Explicit vs. implicit feedback for recommender systems. (Image by Author)

Explicit feedback is a rating explicitly given by the user to express their satisfaction with an item. Examples are: number of stars on a scale from 1 to 5 given after buying a product, thumb up/down given after watching a video, etc. This feedback provides detailed information on how much a user liked an item, but it is hard to collect as most users typically don’t write reviews or give explicit ratings for each item they purchase.

Implicit feedback, on the other hand, assume that user-item interactions are an indication of preferences. Examples are: purchases/browsing history of a user, list of songs played by a user, etc. This feedback is extremely abundant, but at the same time it is less detailed and more noisy (e.g. someone may buy a product as a present for someone else). However, this noise becomes negligible when compared to the sheer size of available data of this kind, and most modern Recommender Systems tend to rely on implicit feedback.

User-item rating matrix for explicit feedback and implicit feedback datasets. (Image by Author)

Once we have collected explicit or implicit feedbacks, we can create the user-item rating matrix rᵤᵢ. For explicit feedback, each entry in rᵤᵢ is a numerical value—e.g. rᵤᵢ = “stars given by u to movie i”—or “?” if user u did not rate item i. For implicit feedback, the values in rᵤᵢ are a boolean values representing presence or lack of interaction—e.g. rᵤᵢ = “did user u watch movie i?”. Notice that the matrix rᵤᵢ is very sparse, as users interact with few items among all available contents, and they review even fewer items!

Content-Based vs. Collaborative Filtering Approaches

Recommender system can be classified according to the kind of information used to predict user preferences as Content-Based or Collaborative Filtering.

Content-Based vs. Collaborative Filtering approaches for recommender systems. (Image by author)

Content-Based Approach

Content-based methods describe users and items by their known metadata. Each item i is represented by a set of relevant tags—e.g. movies of the IMDb platform can be tagged as“action”, “comedy”, etc. Each user u is represented by a user profile, which can created from known user information—e.g. sex and age—or from the user’s past activity.

To train a Machine Learning model with this approach we can use a k-NN model.

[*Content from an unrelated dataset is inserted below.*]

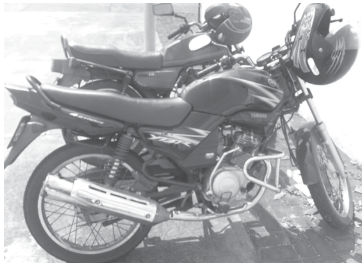
As duas motocicletas, uma Honda 125 e uma YBR 125, foram recuperadas e devolvidas às vítimas de Ouroeste

foram encaminhados para a Delegacia de Polícia Civil de Ouroeste, onde foram indiciados por Ato Infracional de furto e posteriormente foram liberados. Para a surpresa dos policiais, um dos menores, em seu histórico criminal, tem a participação em 14 furtos de veículos.

For instance, if we know that user u bought an item i, we can recommend to u the available items with features most similar to i.

The advantage of this approach is that items metadata are known in advance, so we can also apply it to Cold-Start scenarios where a new item or user is added to the platform and we don’t have user-item interactions to train our model. The disadvantages are that we don’t use the full set of known user-item interactions (each user is treated independently), and that we need to know metadata information for each item and user.

Collaborative Filtering Approach

Collaborative filtering methods do not use item or user metadata, but try instead to leverage the feedbacks or activity history of all users in order to predict the rating of a user on a given item by inferring interdependencies between users and items from the observed activities.

To train a Machine Learning model with this approach we typically try to cluster or factorize the rating matrix rᵤᵢ in order to make predictions on the unobserved pairs (u,i), i.e. where rᵤᵢ = “?”. In the following of this article we present the Matrix Factorization algorithm, which is the most popular method of this class.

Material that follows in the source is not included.